What the exercise asks: Although the entries contain pictures, the copy should hold only their exact text.

(Exercise data Opens)

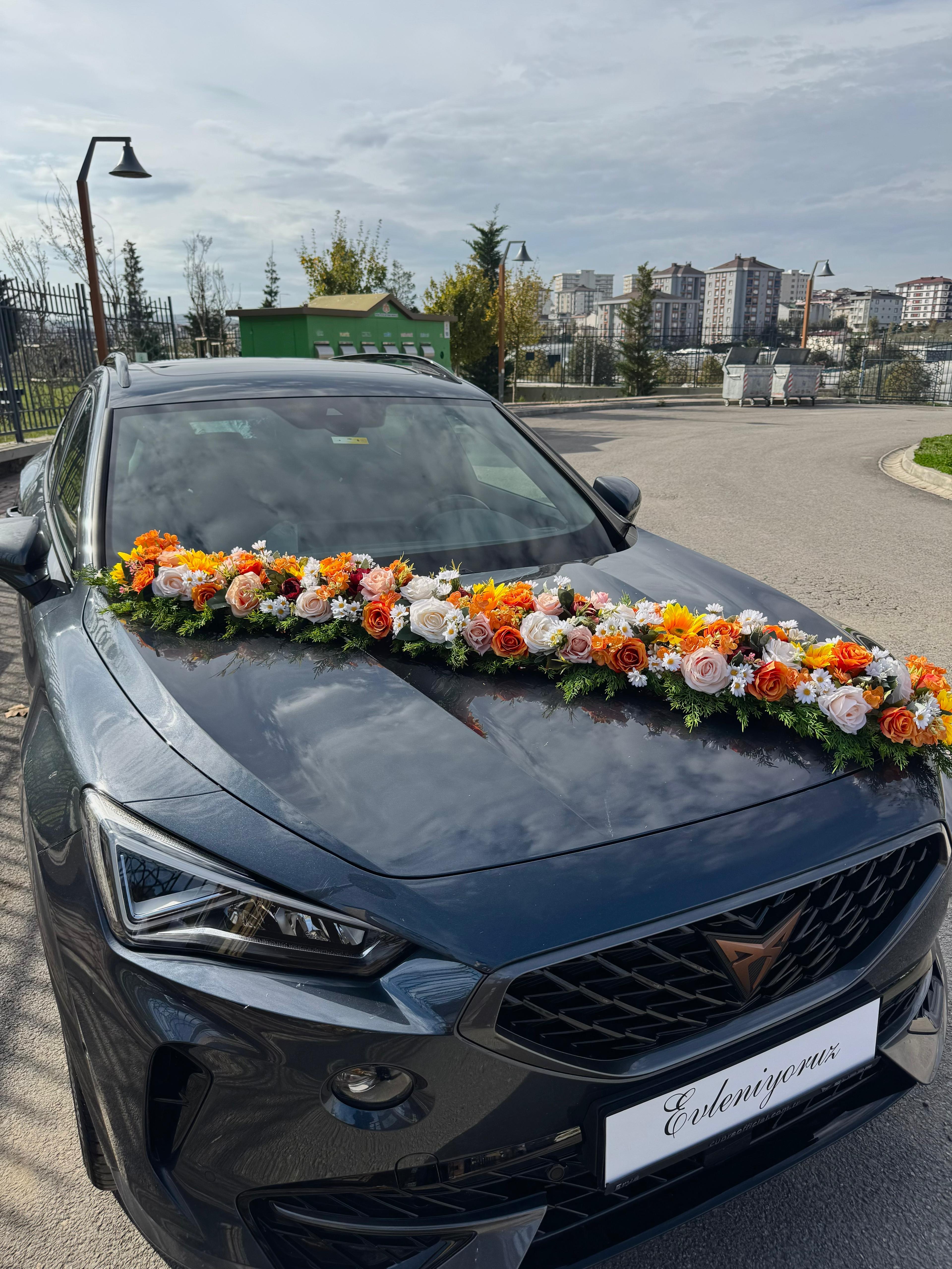?Özel gününüzü zarafetiyle göz kamaştıran bu tasarımla taçlandırın. Kuruluma hazır olarak gönderilir; sadece 5 dakikada aracınıza sabitleyebilirsiniz. Set içeriği: ön süs, dört kapı süsüdür. Sticker ise tek kullanımlıktır. Kurdele ile ön kaput altına bağlanarak sabitlenmektedir. İki yönlü kullanımı mevcuttur. Teslim süresi 15-20 iş günüdür; acil tarihler için not kısmına belirtmeniz yeterlidir. Ürünlerimiz tamamen el yapımıdır; bu nedenle her buket ve süs benzersizdir. Çiçeklerin yerleşimi ve detayları ufak farklılıklar gösterebilir, bu da ürünlerimize özel bir karakter katar. ?
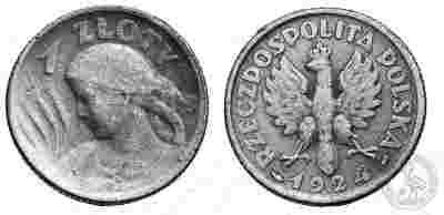 Polska - 1 Złoty 1924 - Dziewczyna z kłosami
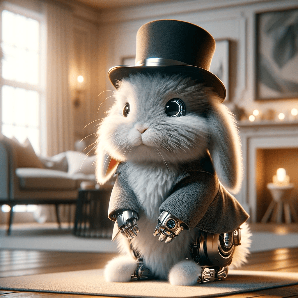 Prompt (generated using Dalle-3): “A highly adorable and ultra-cute version of a realistic high-tech rabbit with cybernetic enhancements and a top hat, in a house interior. This rabbit should be the epitome of cuteness, with extremely soft, fluffy fur, incredibly large and bright eyes, and a small, adorable nose. Its expression should be heartwarming and its posture inviting and playful. The house setting should complement this cuteness, with a warm, cozy atmosphere, soft lighting, and inviting furniture. The aim is to create a rabbit that embodies peak cuteness, irresistibly charming and delightful in every aspect.”
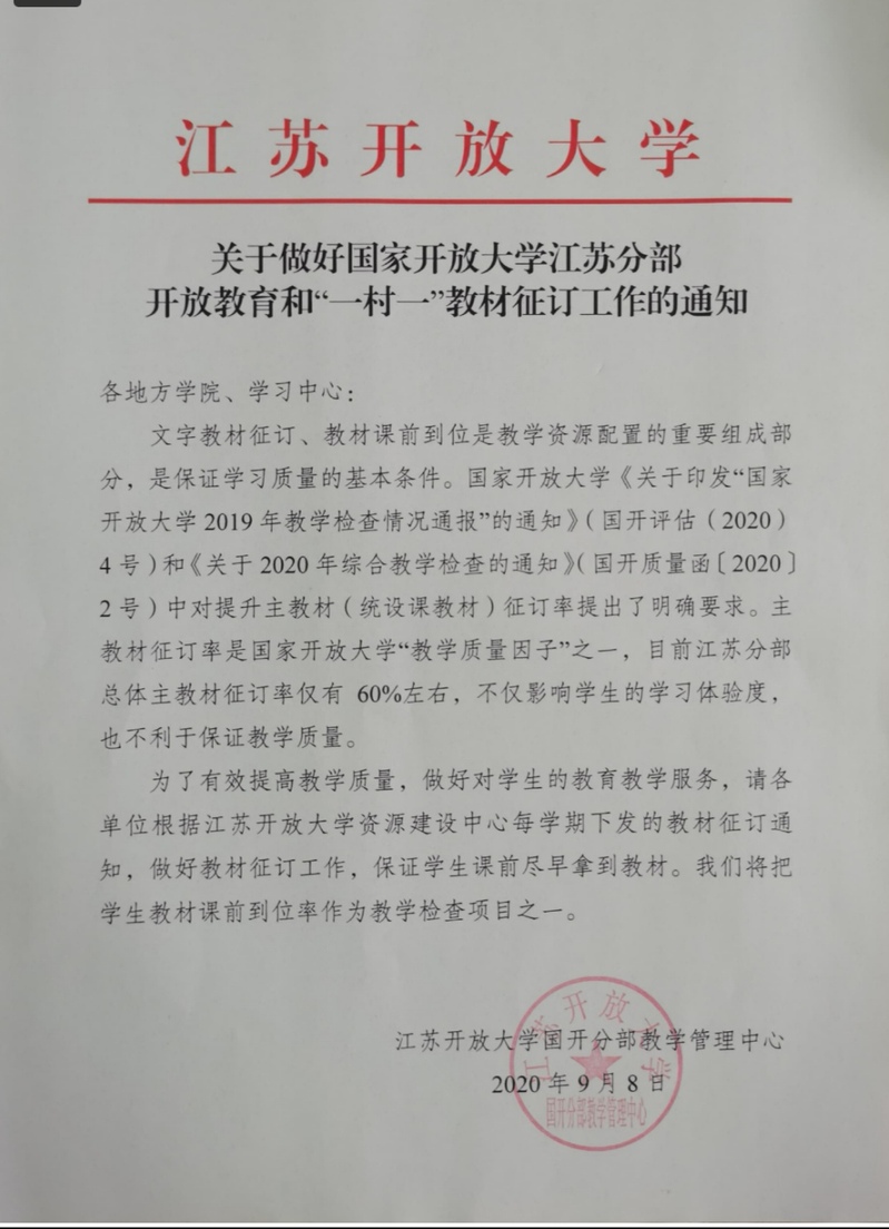 关于做好国家开放大学江苏分部开放教育和“一村一”教材征订工作的通知
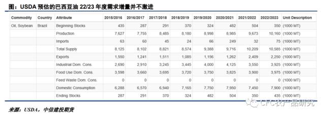 但USDA似乎早已对巴西生柴政策实施的不及预期作了防备。USDA预计2022年10月至2023年9月,巴西豆油工业消费为392.5万吨,同比仅增长37.5万吨,这仅仅对应着巴西22/23年度生柴综合掺混率提高1%。尽管截至当前巴西的豆油消费同比下滑,但即便是巴西生物燃料生产商协会的提案也足以满足这一年度增长需求,目前来看暂无高估。但其实市场较少参考USDA对巴西豆油平衡表的预估,这导致USDA在该领域的指引性并不强。
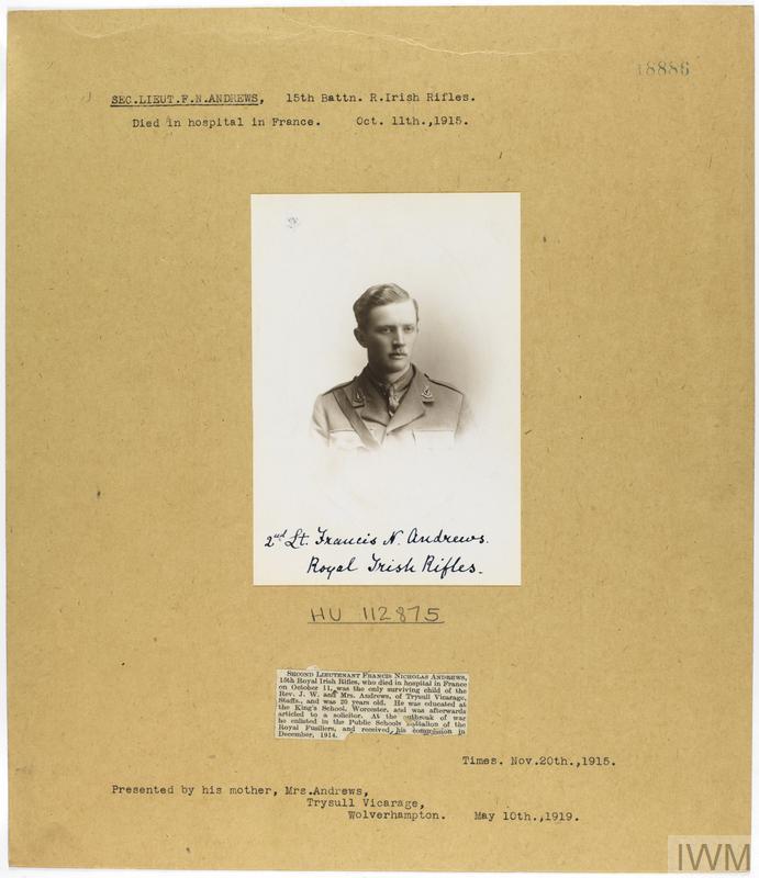 Second Lieutenant Francis Nicholas Andrews. Unit: 15th Battalion, Royal Irish Rifles. Death: 11 October 1915 Western Front

(Exercise data Closes)

Answer below:
?Özel gününüzü zarafetiyle göz kamaştıran bu tasarımla taçlandırın. Kuruluma hazır olarak gönderilir; sadece 5 dakikada aracınıza sabitleyebilirsiniz. Set içeriği: ön süs, dört kapı süsüdür. Sticker ise tek kullanımlıktır. Kurdele ile ön kaput altına bağlanarak sabitlenmektedir. İki yönlü kullanımı mevcuttur. Teslim süresi 15-20 iş günüdür; acil tarihler için not kısmına belirtmeniz yeterlidir. Ürünlerimiz tamamen el yapımıdır; bu nedenle her buket ve süs benzersizdir. Çiçeklerin yerleşimi ve detayları ufak farklılıklar gösterebilir, bu da ürünlerimize özel bir karakter katar. ?
 Polska - 1 Złoty 1924 - Dziewczyna z kłosami
 Prompt (generated using Dalle-3): “A highly adorable and ultra-cute version of a realistic high-tech rabbit with cybernetic enhancements and a top hat, in a house interior. This rabbit should be the epitome of cuteness, with extremely soft, fluffy fur, incredibly large and bright eyes, and a small, adorable nose. Its expression should be heartwarming and its posture inviting and playful. The house setting should complement this cuteness, with a warm, cozy atmosphere, soft lighting, and inviting furniture. The aim is to create a rabbit that embodies peak cuteness, irresistibly charming and delightful in every aspect.”
 关于做好国家开放大学江苏分部开放教育和“一村一”教材征订工作的通知
 但USDA似乎早已对巴西生柴政策实施的不及预期作了防备。USDA预计2022年10月至2023年9月,巴西豆油工业消费为392.5万吨,同比仅增长37.5万吨,这仅仅对应着巴西22/23年度生柴综合掺混率提高1%。尽管截至当前巴西的豆油消费同比下滑,但即便是巴西生物燃料生产商协会的提案也足以满足这一年度增长需求,目前来看暂无高估。但其实市场较少参考USDA对巴西豆油平衡表的预估,这导致USDA在该领域的指引性并不强。
 Second Lieutenant Francis Nicholas Andrews. Unit: 15th Battalion, Royal Irish Rifles. Death: 11 October 1915 Western Front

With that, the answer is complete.